In 2007, the outsourcing ratio of global pharmaceutical R & D and processing costs was 19% and US $44 billion, while in 2010 this ratio reached 25% and US $85 billion, with an average annual growth rate of 14.1. In the next 3 to 5 years, 30 to 50 per cent of R & D and processing funds will be invested in the field of service outsourcing, with an average annual growth rate of 18.1 to 30.8 per cent, and a large part of these investments will enter China and India.

The average annual growth of domestic fine chemical output value exceeds 20%

In the process of the transfer of foreign fine chemical intermediates industry, China has gradually undertaken the industrial transfer of pharmaceutical and pesticide intermediates due to the rich resources of bulk chemical raw materials, the advantages of R & D and production of intermediates and APIs, standardized intellectual property protection, complete infrastructure, more suitable climate and other factors.

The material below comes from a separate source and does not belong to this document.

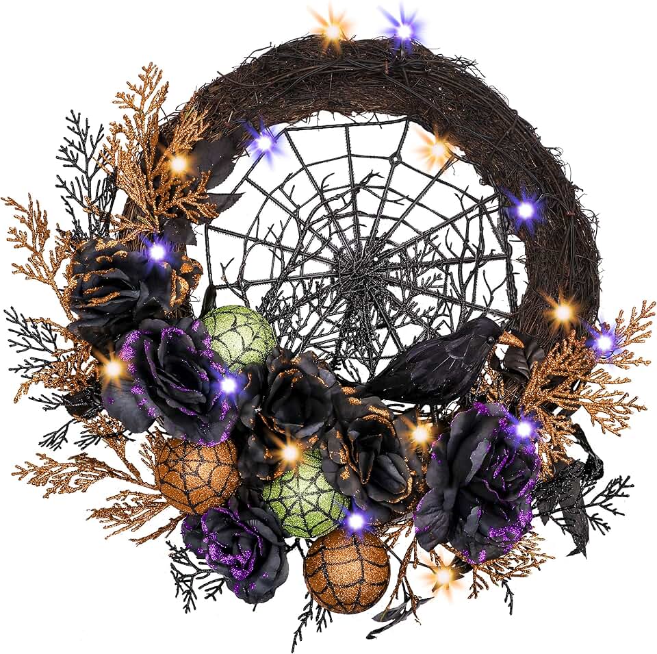 # 11 Жуткий венок из черной розыЕсли вам больше по душе гламурный венок на Хэллоуин, то эти великолепные черные розы и вороны идеально подойдут для вашей входной двери.

The emergence of pesticide and pharmaceutical intermediates industry stems from the international division of labor under the background of economic globalization. Due to the complex production technology of pesticides and pharmaceutical products, lengthy process links and fast update speed, no enterprise can maintain a relative cost advantage in the entire R & D, production and sales links.

Therefore, multinational companies make full use of global resources, focus on research and development and sales, and transfer the front-end raw materials in the industrial chain to countries with relative cost advantages and technology base (such as China and India), and then produce manufacturers focusing on intermediates and APIs in these countries. The low-cost advantage is a favorable basis for Chinese enterprises to undertake industrial transfer.

my country's basic chemical product market has sufficient supply, low prices, and the fine chemical market is extremely scattered. There are 17000 fine chemical companies that can produce 20,000 fine chemicals in 16 categories. Competition also reduces manufacturing costs. At the same time, there is a gap between the salary level of R & D personnel and industrial workers in China and that of developed countries, coupled with the low cost of equipment procurement, installation and construction inputs in China, the output value and export of pharmaceutical and pesticide intermediates in China are growing rapidly.

According to the National Bureau of Statistics, by the end of 2009, the output value of state-owned and above-scale non-state-owned fine chemical enterprises reached 1.8 trillion billion yuan, with an average annual growth rate of 21.64 percent from 2006 to 2009.